:: Input material ::

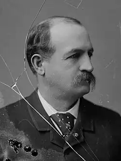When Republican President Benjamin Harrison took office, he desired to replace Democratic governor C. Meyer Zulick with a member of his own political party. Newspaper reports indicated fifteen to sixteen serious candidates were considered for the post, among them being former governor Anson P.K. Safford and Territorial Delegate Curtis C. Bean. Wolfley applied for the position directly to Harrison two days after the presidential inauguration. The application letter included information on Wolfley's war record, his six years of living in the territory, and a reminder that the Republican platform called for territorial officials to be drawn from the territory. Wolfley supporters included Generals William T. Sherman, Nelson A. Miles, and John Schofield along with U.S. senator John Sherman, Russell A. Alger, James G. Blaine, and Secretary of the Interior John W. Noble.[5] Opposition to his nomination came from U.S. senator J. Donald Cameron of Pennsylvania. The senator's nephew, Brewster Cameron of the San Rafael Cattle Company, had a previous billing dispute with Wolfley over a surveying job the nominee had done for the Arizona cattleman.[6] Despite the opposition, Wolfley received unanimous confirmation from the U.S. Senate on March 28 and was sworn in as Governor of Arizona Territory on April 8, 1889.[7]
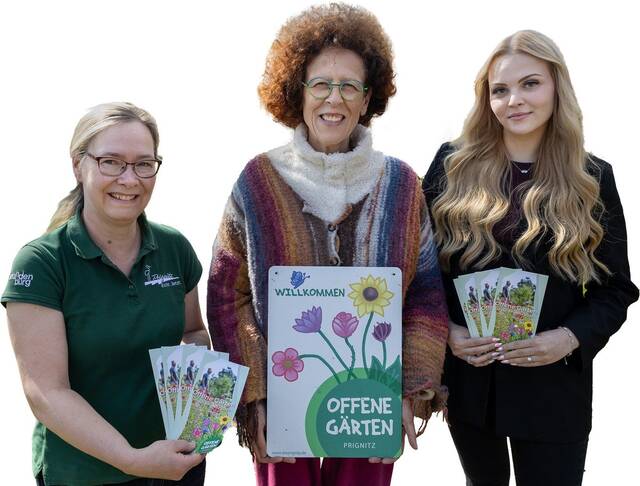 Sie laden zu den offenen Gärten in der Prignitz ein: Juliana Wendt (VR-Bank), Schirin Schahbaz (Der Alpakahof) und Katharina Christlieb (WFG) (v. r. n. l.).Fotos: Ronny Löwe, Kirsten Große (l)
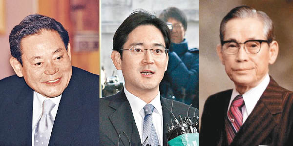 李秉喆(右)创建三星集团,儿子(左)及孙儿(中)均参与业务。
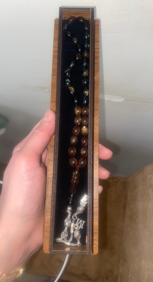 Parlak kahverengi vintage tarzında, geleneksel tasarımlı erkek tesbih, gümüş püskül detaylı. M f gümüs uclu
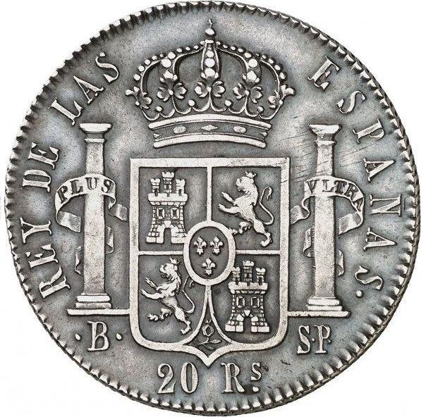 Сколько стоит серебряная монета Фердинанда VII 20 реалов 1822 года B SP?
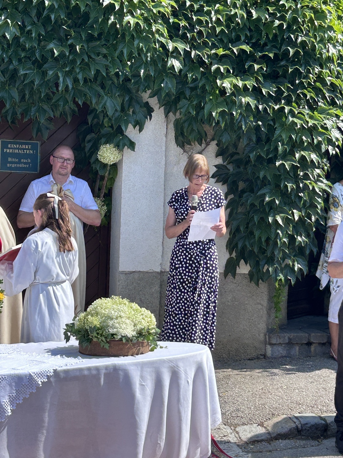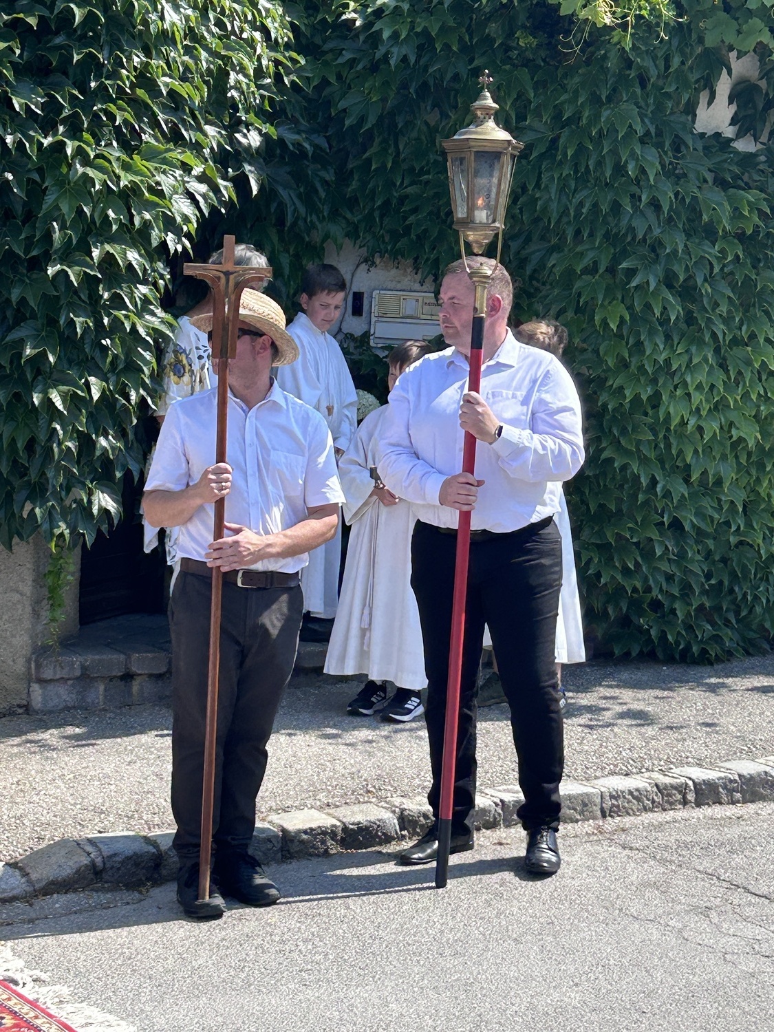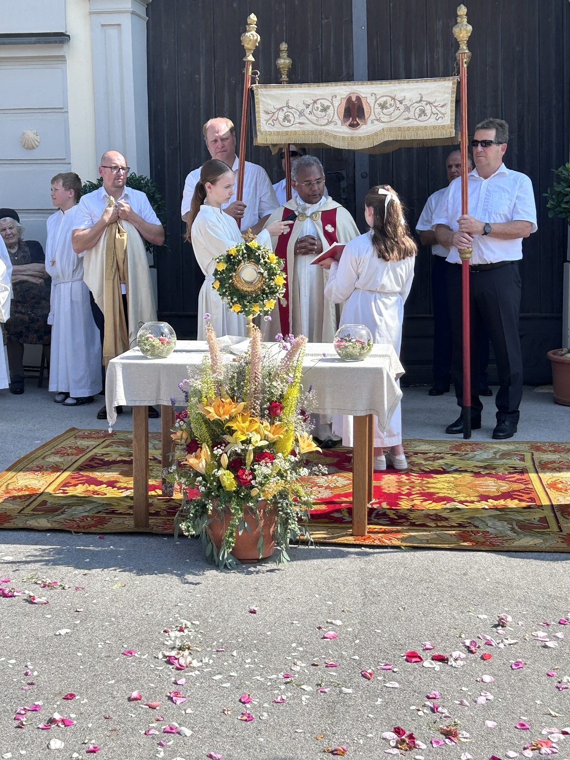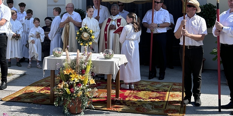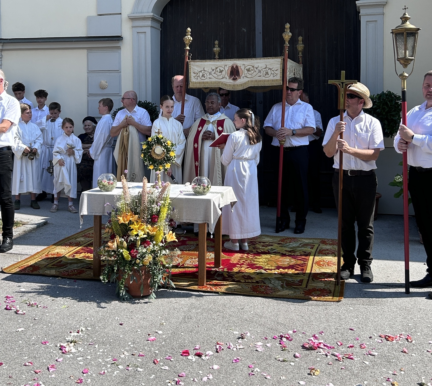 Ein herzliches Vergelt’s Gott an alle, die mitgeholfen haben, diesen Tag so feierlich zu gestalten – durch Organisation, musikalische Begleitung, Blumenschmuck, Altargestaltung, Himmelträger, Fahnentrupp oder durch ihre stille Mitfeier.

:::

- Task to carry out
Would you reproduce the listing above in full and exactly, without its pictures?

- Answer to this exercise
When Republican President Benjamin Harrison took office, he desired to replace Democratic governor C. Meyer Zulick with a member of his own political party. Newspaper reports indicated fifteen to sixteen serious candidates were considered for the post, among them being former governor Anson P.K. Safford and Territorial Delegate Curtis C. Bean. Wolfley applied for the position directly to Harrison two days after the presidential inauguration. The application letter included information on Wolfley's war record, his six years of living in the territory, and a reminder that the Republican platform called for territorial officials to be drawn from the territory. Wolfley supporters included Generals William T. Sherman, Nelson A. Miles, and John Schofield along with U.S. senator John Sherman, Russell A. Alger, James G. Blaine, and Secretary of the Interior John W. Noble.[5] Opposition to his nomination came from U.S. senator J. Donald Cameron of Pennsylvania. The senator's nephew, Brewster Cameron of the San Rafael Cattle Company, had a previous billing dispute with Wolfley over a surveying job the nominee had done for the Arizona cattleman.[6] Despite the opposition, Wolfley received unanimous confirmation from the U.S. Senate on March 28 and was sworn in as Governor of Arizona Territory on April 8, 1889.[7]
 Sie laden zu den offenen Gärten in der Prignitz ein: Juliana Wendt (VR-Bank), Schirin Schahbaz (Der Alpakahof) und Katharina Christlieb (WFG) (v. r. n. l.).Fotos: Ronny Löwe, Kirsten Große (l)
 李秉喆(右)创建三星集团,儿子(左)及孙儿(中)均参与业务。
 Parlak kahverengi vintage tarzında, geleneksel tasarımlı erkek tesbih, gümüş püskül detaylı. M f gümüs uclu
 Сколько стоит серебряная монета Фердинанда VII 20 реалов 1822 года B SP?
 Ein herzliches Vergelt’s Gott an alle, die mitgeholfen haben, diesen Tag so feierlich zu gestalten – durch Organisation, musikalische Begleitung, Blumenschmuck, Altargestaltung, Himmelträger, Fahnentrupp oder durch ihre stille Mitfeier.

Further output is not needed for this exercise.